Non Deductible Business Expenses for UAE Corporate Tax: 10 Facts to Know

Introduction

As businesses in the UAE adapt to the newly introduced corporate tax system, understanding which expenses can be deducted is essential for managing tax liabilities effectively. Article 28 of the UAE Corporate Tax Law states that for an expense to be deductible, it must meet two primary criteria: 1) it must be incurred wholly and exclusively for the taxable person’s business, and 2) it must be revenue rather than capital in nature.

While many business expenses are deductible, Article 33 of the Corporate Tax Law explicitly lists certain non deductible business expenses that cannot be deducted when calculating taxable income. This article provides an essential guide to understanding which expenses fall into this category.

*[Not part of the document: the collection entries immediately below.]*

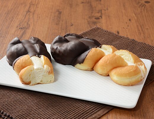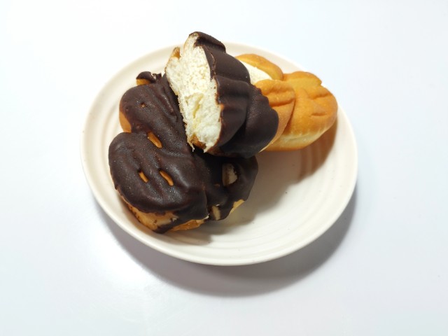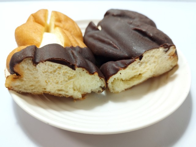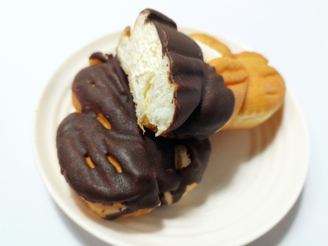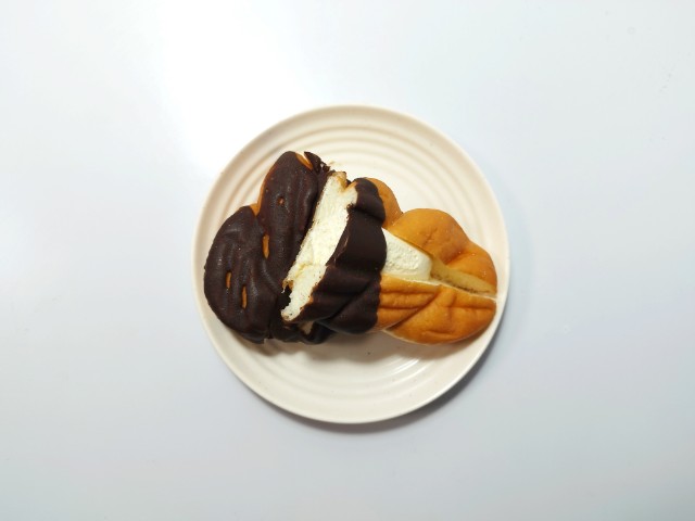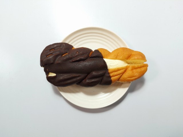 カスタードホイップを挟んだツイストドーナツです。シンプルながらその見た目に惹かれて買ってみました。そんなツイストドーナツですが、生地はしっとりとした食感とほのかな甘味があって、安定の美味しさです。生地に半分かかっているチョココーティングはチョコの甘味があって、味のアクセントになっています。中のカスタードホイップはなめらかな食感とミルクの味わい、たまごの風味があって、生地とのバランスも良いです。大きさは普通サイズの菓子パンで、おやつや小腹が空いた時にピッタリです。ぜひツイストドーナツを食べてみてください。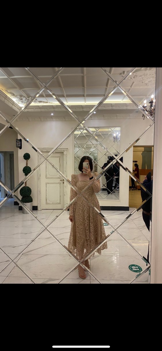 Bej renk, transparan ve soyut desenli kumaştan yapılmış, V yaka ve askılı kollu, normal boy midi abiye elbisedir. Düzenli kesim ve modern klasik stilde, Paris esintili.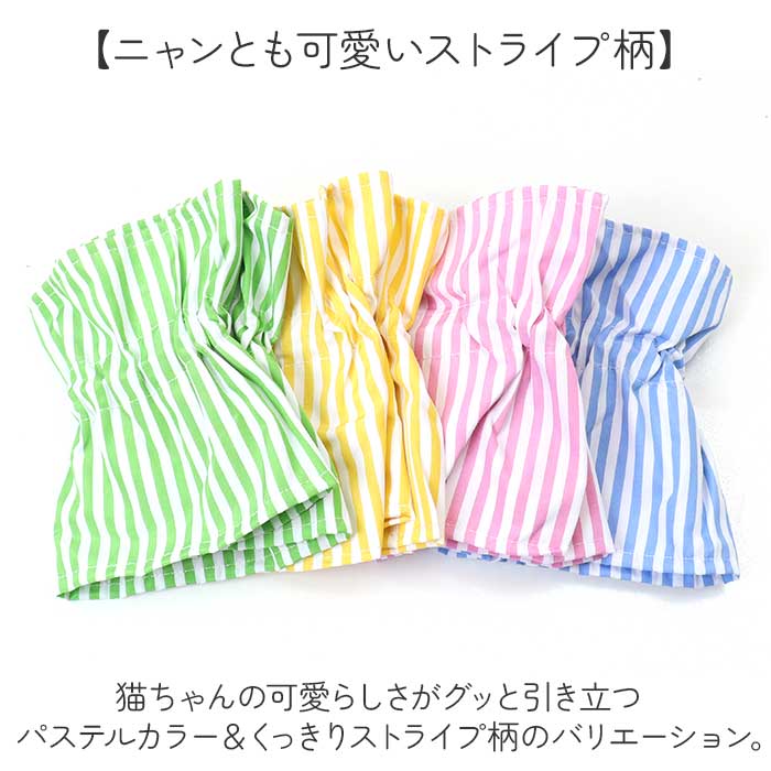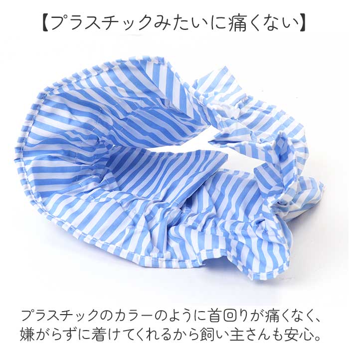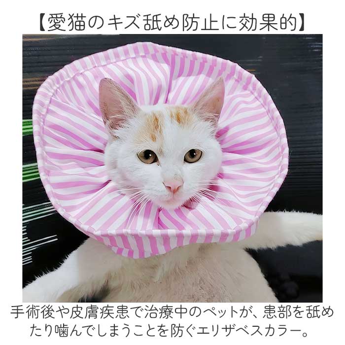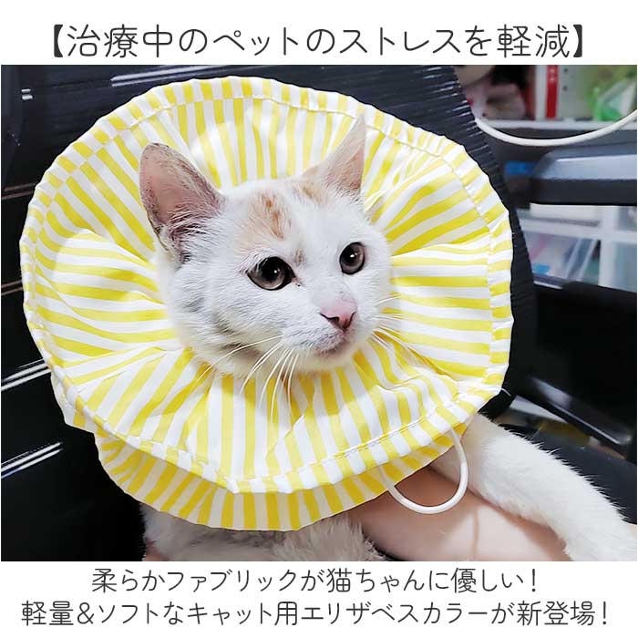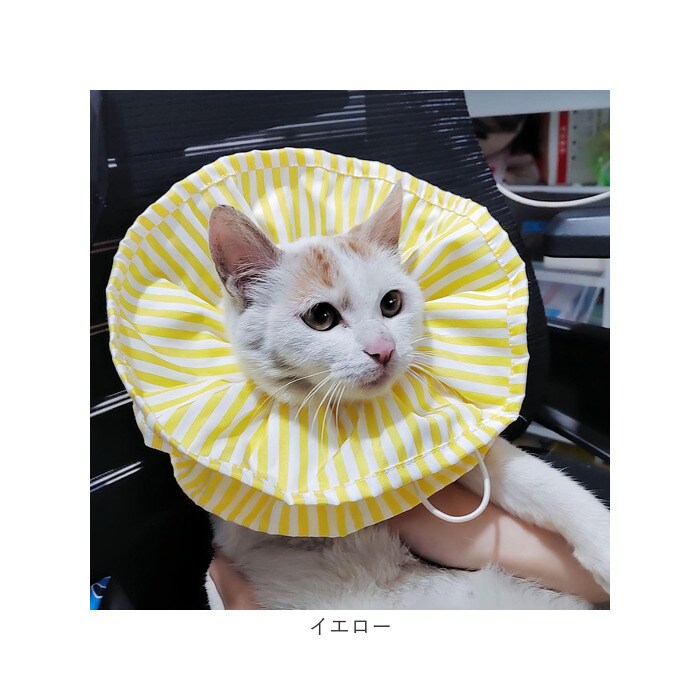 | 商品説明 | 【治療中のペットのストレスを軽減】柔らかファブリックが猫ちゃんに優しい!軽量&ソフトなキャット用エリザベスカラーが新登場!【愛猫のキズ舐め防止に効果的】手術後や皮膚疾患で治療中のペットが、患部を舐めたり噛んでしまうことを防ぐエリザベスカラー。【ソフトな生地感でニャンコご機嫌】サラリと肌触りのよい生地と柔らかゴムを使用し、バンダナみたいにお洒落で軽い着け心地。【プラスチックみたいに痛くない】プラスチックのカラーのように首回りが痛くなく、嫌がらずに着けてくれるから飼い主さんも安心。【ごはんが食べやすいデザイン】カラーの縁がフードボウルにぶつからないので、お水を飲んだりお食事するときもストレスフリー。【動きやすくて、リラックス】ペットの身体の動きを妨げず、寝転んでくつろぐときやお休みタイムも着けたままでリラックス。【すっぽり被せて、装着カンタン】ゴムをぐーんと伸ばして筒状の生地を頭にすっぽり被せたら、ドローコードをキュッと絞るだけ!【ご家庭でカンタンお洗濯♪】汚れが気になったら、ザブザブ丸洗いが可能。こまめに洗えるから、デリケートな猫ちゃんに最適。※優しく手洗いするか、洗濯機をご使用の際は必ず洗濯ネットに入れてお洗濯してください。【ニャンとも可愛いストライプ柄】猫ちゃんの可愛らしさがグッと引き立つパステルカラー&くっきりストライプ柄のバリエーション。 |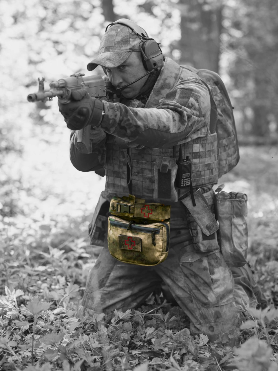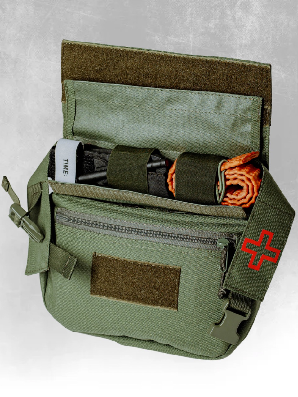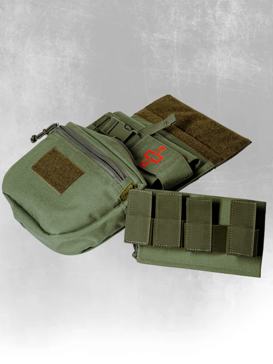 Напашный подсумок «Гриф» — утилитарный подсумок, который может использоваться как медицинский. Крепится на бронежилет или плитник в паховой области с помощью контактной ленты. Изготовлен из износостойкого нейлона.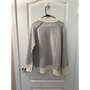 The Staccato pullover sweater in size L is designed for women and features a modern, chic style. It comes in a gray color with a geometric pattern and is made from a blend of cotton and polyester. The sweater has a crew neck, long raglan sleeves, and a ribbed texture. It offers a regular fit and this item is new with tags.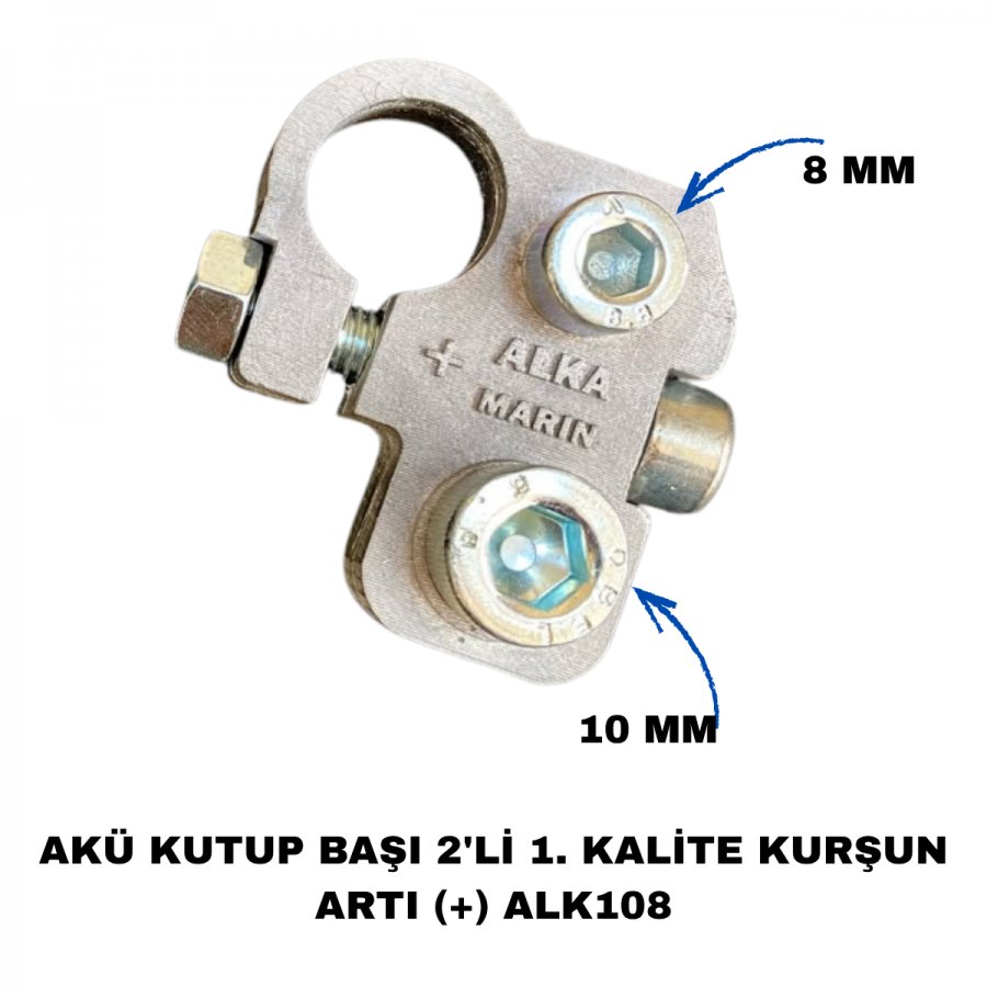 AKÜ KUTUP BAŞI 2'Lİ 8MM 1. KALİTE KURŞUN ARTI (+) ALK88

Top 10 Non Deductible Business Expenses for UAE Corporate Tax

  1. Personal Expenses Are Considered Non Deductible Business Expenses

Some expenses may serve multiple purposes. In such cases, the costs can be apportioned for Corporate Tax purposes. A prevalent example of non deductible business expenses under UAE tax regulations is personal expenses. Costs not directly associated with business operations, like personal use of company vehicles or other assets, are not deductible. It’s crucial to maintain clear distinctions between personal and business expenses in your accounting records to prevent complications during tax filing.

WellTax can assist your business in setting up proper accounting systems to differentiate between personal and business expenses, ensuring that tax filings are accurate and compliant.

  1. Expenses Related to Tax-Exempt Income

When your business generates income that is exempt from UAE corporate tax, any expenses linked to that income will also be considered non deductible. For example, if your company earns tax-exempt foreign income through a participating interest (subject to specific conditions), the associated costs cannot be deducted from your taxable profits.

  1. Non-Business-Related Losses

Losses that are not connected to your business operations, such as those from non-business investments or activities, are non deductible. Likewise, losses resulting from personal investments made by business owners, rather than the business itself, cannot be claimed as deductions.

At WellTax, we help you structure your business activities to minimize non-deductible losses while ensuring that legitimate losses are claimed appropriately in your corporate tax filings.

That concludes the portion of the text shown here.